If you need the labels - the Counter outperforms the inefficient process of wrapping the list in a Numpy array and then counting. The count() method is extremely fast compared to the other variants, however, it doesn't give us the labels associated with the counts like the other two do. Print( "Counter: %ss" % timeit.Timer(counterObject(words)).timeit( 1000)) Print( "count(): %ss" % timeit.Timer(countFunction(words)).timeit( 1000)) Print( "Pandas/Numpy: %ss" % timeit.Timer(pdNumpy(words)).timeit( 1000)) The task can be broken down into finding occurrences for all words or a single word, and we'll be doing benchmarks for both, starting with all words: import numpy as npĭef pdNumpy( words): def _pdNumpy(): return pd.value_counts(np.array(words))ĭef countFunction( words): def _countFunction():ĭef counterObject( words): def _counterObject(): return collections.Counter(words) Let's benchmark all of these to see how they perform. Naturally - you'll be searching for the most efficient solution if you're dealing with large corpora of words.
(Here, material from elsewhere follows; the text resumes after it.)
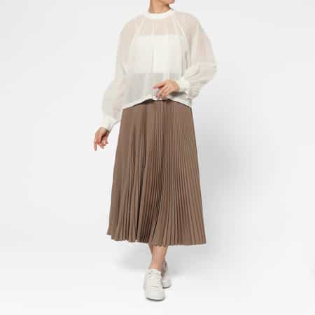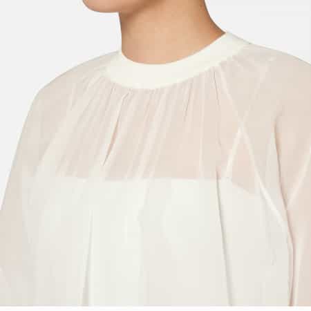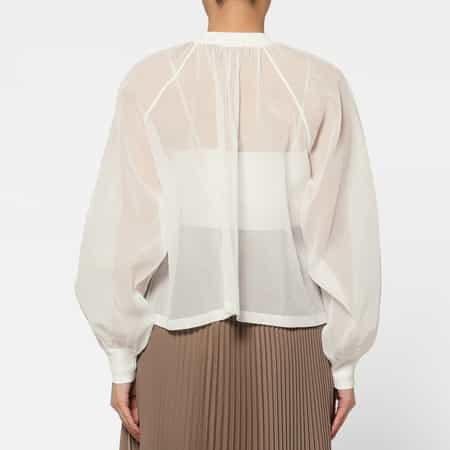 ・繊細な表情を生み出すシャーリングディテールが印象的なシアー素材のブラウス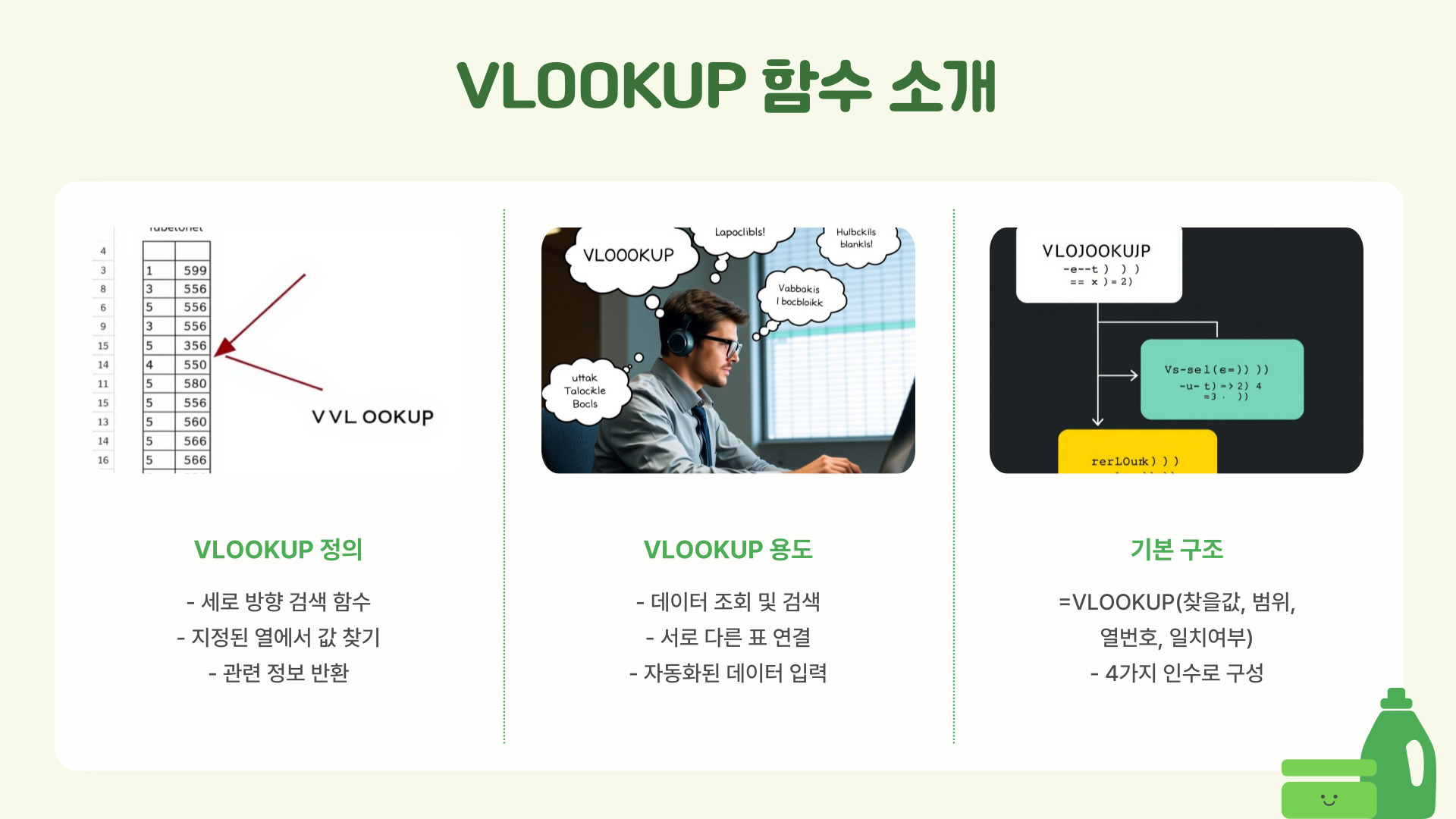 - 구문: =VLOOKUP(찾을 값, 데이터 범위, 열 번호, 정렬 방식)

HOW TO GET WORD COUNT IN WORD CODE
If you run this code you should see this output: "hello" appears 3 time(s) The code below uses count() to get the number of occurrences for a word in a list: words = The complexity of the count() function is O(n), where n is the number of factors present in the list. The count() method is a built-in function that takes an element as its only argument and returns the number of times that element appears in the list. The "standard" way (no external libraries) to get the count of word occurrences in a list is by using the list object's count() function. This results in: Index: Index(, dtype='object') You can access its values field to get the counts themselves, or index to get the words themselves: df = pd.value_counts(np.array(words)) This results in a DataFrame that contains: hello 3 We can wrap the list into a Numpy array, and then call the value_counts() method of the pd instance (which is also available for all DataFrame instances): import numpy as np The shortest and easiest way to get value counts in an easily-manipulable format ( DataFrame) is via Numpy and Pandas. In practice, you'll use Pandas/Nunpy, the count() function or a Counter as they're pretty convenient to use. This guide will show you three different ways to count the number of word occurrences in a Python list: Say we have a list - we have two occurrences on "b" and one of "a".

Counting the word frequency in a list element in Python is a relatively common task - especially when creating distribution data for histograms.